What are you desperate for? What is the one thing you are desperate for? God's presence? The Second Coming of the LORD? Your next paycheck? Quiet time in the mornings are a place to still the soul so that our hunger for the day is for one thing - His presence present in our lives.

Saturday, June 19, 2010

The Joy of a Woman and the Joy of a Man

The Essence of a Man is that he lives for meaning. He wants to know that what he is doing makes a difference. A woman is not the same. She lives for Hope. She wants to know that her tomorrow is different than her today. That is why they endure pregnancy better than men. That is why adultery hurts them but they are better able to forgive because hope is everything to them. When a husband fails his wife, her hope is destroyed.
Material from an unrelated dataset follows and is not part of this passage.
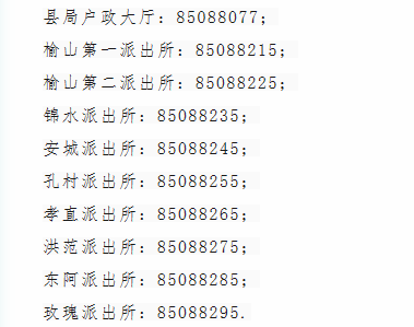 济南平阴县辖区派出所户政窗口服务电话号码汇总表:榆山第一派出所;榆山第二派出所;锦水派出所;安城派出所;孔村派出所;孝直派出所;洪范派出所;东阿派出所;玫瑰派出所。

When he owns the wound, learning about who a woman really is and his soul DNA is changed through the process she grows in hope. When a woman cheats on a man, his wound is related to the fact that his love did not count for anything.

Husbands - watch over your wife's hope. When are you taking her to that weekend get away? Plan it, let her know about it and then do it.

Wives - watch over your husband's sense of meaning and purpose related to what he provides and does for you and the kids. Celebrate his faithfulness to you, to provide, to nurture the children and to grow himself. Tell him that his love for you as great meaning in your life. Tell him that his going to work day after day has great meaning to you. Over-emphasize your words but do not lie. In speech class they teach you to speak with intensity and to over-emphasize your constants to get your point across. It works well here.